═══ INFORMATION GIVEN

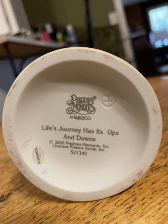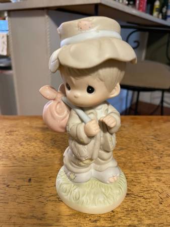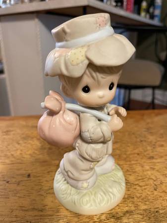 Decorative boy figure carrying bag over his shoulder, crafted with a whimsical hobo theme. Bisque porcelain. Copyright 2002 and retired in 2004. Licensee: Enesco Group, Inc.
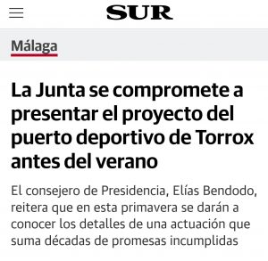 Igualmente, podemos decir con el proyecto del puerto deportivo. Por Torrox se paseó Elías Bendodo, anterior presidente del PP de Málaga, para anunciar a bombo y platillo, que la Junta de Andalucía se comprometía a presentar un proyecto del puerto deportivo antes del verano. Y, según indica Prados, ni rastro de financiación en los presupuestos de la Junta de Andalucía.
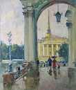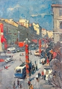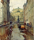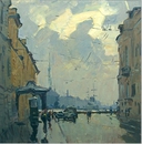 Художник любил Ленинград в дождливую погоду и часто писал его таким с особым настроением, виртуозно передавая игру отражений на мокром асфальте, блестящие от дождя крыши машин, стайки пешеходов под зонтиками. Эта тема развивалась им на протяжении десятилетий и отражена в работах «Дождливый день» (1958), «Дождливый день в Летнем саду» (1961), «На Дворцовой площади» и «На Кировском проспекте» (обе 1965), «Невский проспект» (1977), «Невский проспект в дождь» (1983) и др.
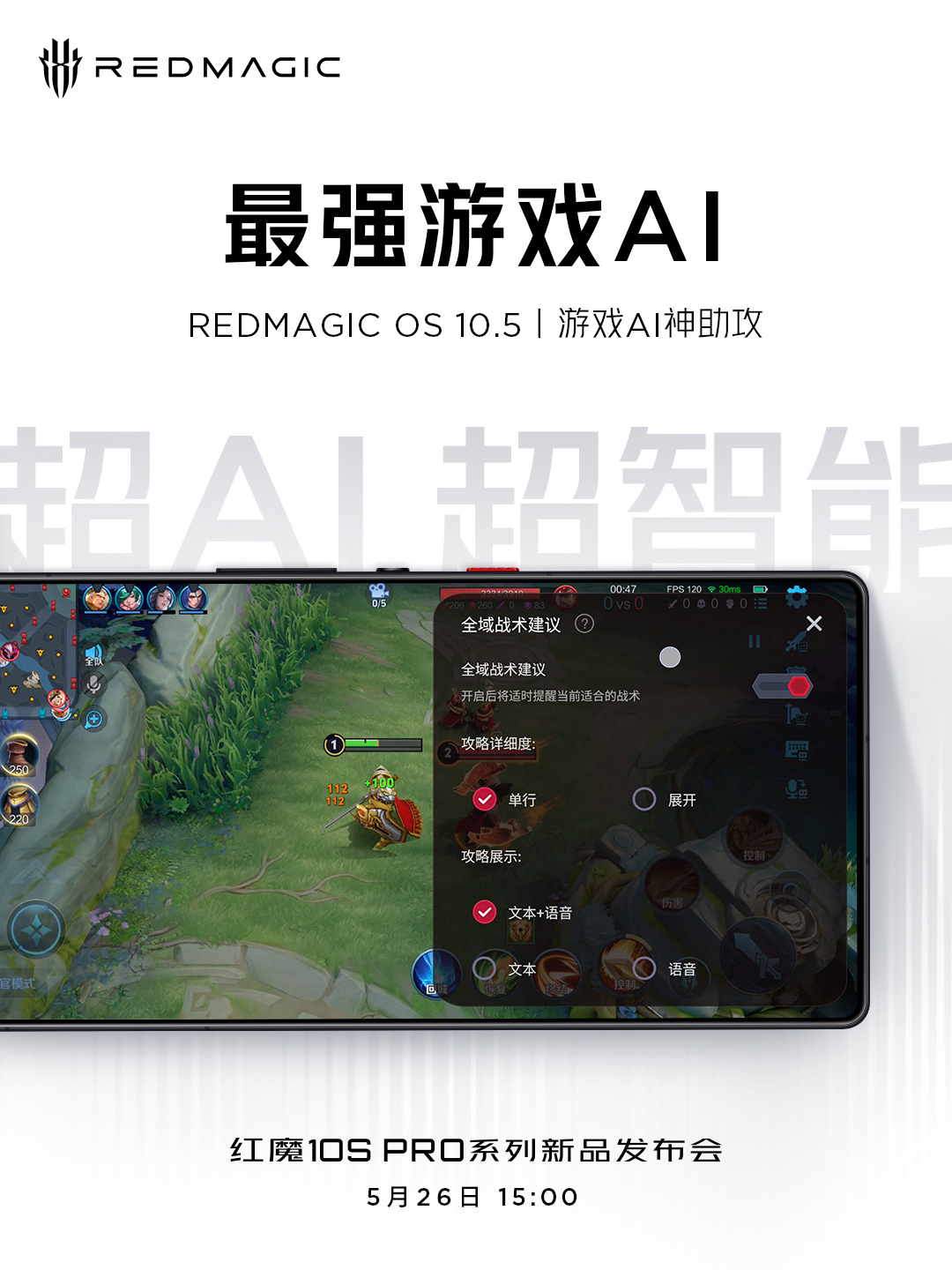 红魔 10S Pro 系列手机搭载 REDMAGIC OS 10.5,内置“最强游戏 AI”
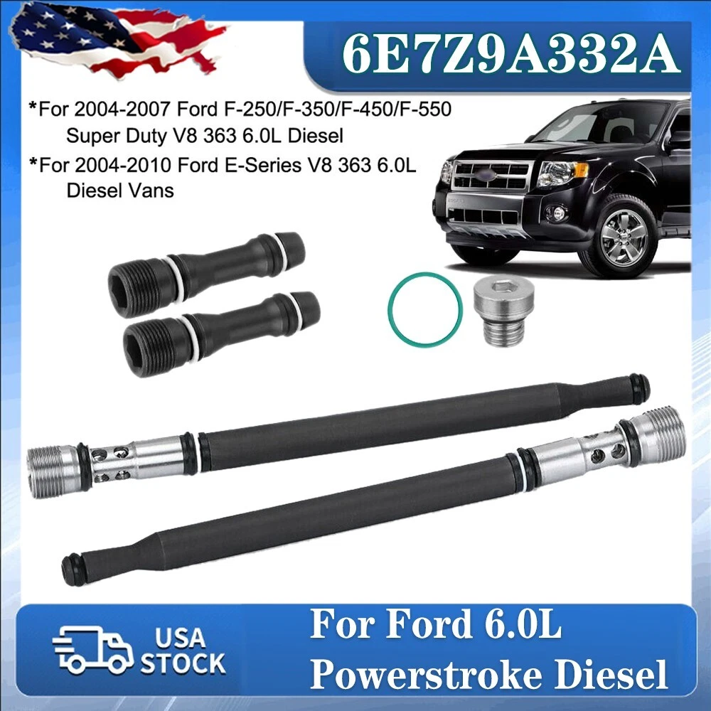 Note: Any Free Shipping Promotion is Valid to the 48 contiguous states. for Alaska, Hawaii, Puerto Rico, Guam,Virgin Islands and Samoa, extra shipping fee will be charged. Application : Fits for 04 - 10 for Ford E-Series / F-Series 6.0L POWER STROKE DIESEL TURBO High Pressure Oil Stand Pipe & Dummy Plug Kit Reference OEM NUmber: 6E7Z-9A332-A, 6E7Z-9A332-B Specifications: * Quantity: 2 Stand Pipe : 6E7Z-9A332-A 2 Dummy Plug : W302908 1 Fuel Rail Oil Tube Plug : 3C3Z-9K042-A 1 O-Ring : W302675 * Warranty: 1 Year * Brand New for Ford Diesel High Pressure Oil Stand Pipe * Fits models with V8 6.0L Diesel Engine only Applications : 2004-10 for Ford E350 Van V8 6.0L Diesel for Ford 2004-10 for Ford E450 Van V8 6.0L Diesel for Ford 2004-10 for Ford E550 Van V8 6.0L Diesel for Ford 2004-10 for Ford F250 Super Duty Truck V8 6.0L Diesel for Ford 2004-10 for Ford F350 Super Duty Truck V8 6.0L Diesel for Ford 2004-10 for Ford F450 Truck V8 6.0L Diesel for Ford 2004-10 for Ford F550 Truck V8 6.0L Diesel for Ford 2004-2010 for Ford E-350 Super Duty 6.0L 363ci OHV V8 DIESEL TURBO 2004-2010 for Ford E-450 Super Duty 6.0L 363ci OHV V8 DIESEL TURBO 2004-2007 for Ford F-250 Super Duty 6.0L 363ci OHV V8 DIESEL TURBO 2004-2007 for Ford F-350 Super Duty 6.0L 363ci OHV V8 DIESEL TURBO 2004-2007 for Ford F-450 Super Duty 6.0L 363ci OHV V8 DIESEL TURBO 2004-2007 for Ford F-550 Super Duty 6.0L 363ci OHV V8 DIESEL TURBO Please feel free to contact us via eBay message
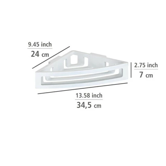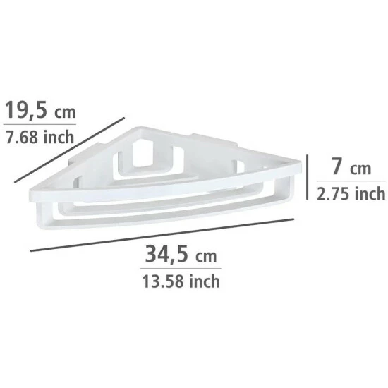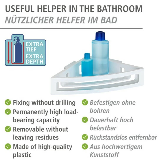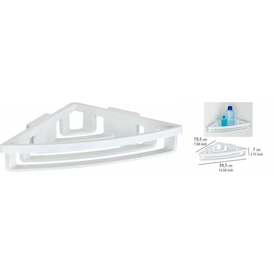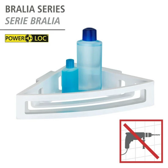 - Lieferumfang: Duschablage Bralia, Eckregal zum Kleben (Zugkraft von bis 80 kg), aus Kunststoff, inkl. Spezialkleber sowie Schrauben und Dübeln zur alternativen Wandbefestigung, Maße (B x H x T): 34,5 x 8,5 x 19,5 cm

══════

TASK ITEM: Could you reproduce exactly, and only, the lines from the one containing "Note: Any Free" through the end of the records above, both included, while leaving out the pictures?

SOLUTION FOR THIS EXERCISE:
 Note: Any Free Shipping Promotion is Valid to the 48 contiguous states. for Alaska, Hawaii, Puerto Rico, Guam,Virgin Islands and Samoa, extra shipping fee will be charged. Application : Fits for 04 - 10 for Ford E-Series / F-Series 6.0L POWER STROKE DIESEL TURBO High Pressure Oil Stand Pipe & Dummy Plug Kit Reference OEM NUmber: 6E7Z-9A332-A, 6E7Z-9A332-B Specifications: * Quantity: 2 Stand Pipe : 6E7Z-9A332-A 2 Dummy Plug : W302908 1 Fuel Rail Oil Tube Plug : 3C3Z-9K042-A 1 O-Ring : W302675 * Warranty: 1 Year * Brand New for Ford Diesel High Pressure Oil Stand Pipe * Fits models with V8 6.0L Diesel Engine only Applications : 2004-10 for Ford E350 Van V8 6.0L Diesel for Ford 2004-10 for Ford E450 Van V8 6.0L Diesel for Ford 2004-10 for Ford E550 Van V8 6.0L Diesel for Ford 2004-10 for Ford F250 Super Duty Truck V8 6.0L Diesel for Ford 2004-10 for Ford F350 Super Duty Truck V8 6.0L Diesel for Ford 2004-10 for Ford F450 Truck V8 6.0L Diesel for Ford 2004-10 for Ford F550 Truck V8 6.0L Diesel for Ford 2004-2010 for Ford E-350 Super Duty 6.0L 363ci OHV V8 DIESEL TURBO 2004-2010 for Ford E-450 Super Duty 6.0L 363ci OHV V8 DIESEL TURBO 2004-2007 for Ford F-250 Super Duty 6.0L 363ci OHV V8 DIESEL TURBO 2004-2007 for Ford F-350 Super Duty 6.0L 363ci OHV V8 DIESEL TURBO 2004-2007 for Ford F-450 Super Duty 6.0L 363ci OHV V8 DIESEL TURBO 2004-2007 for Ford F-550 Super Duty 6.0L 363ci OHV V8 DIESEL TURBO Please feel free to contact us via eBay message
 - Lieferumfang: Duschablage Bralia, Eckregal zum Kleben (Zugkraft von bis 80 kg), aus Kunststoff, inkl. Spezialkleber sowie Schrauben und Dübeln zur alternativen Wandbefestigung, Maße (B x H x T): 34,5 x 8,5 x 19,5 cm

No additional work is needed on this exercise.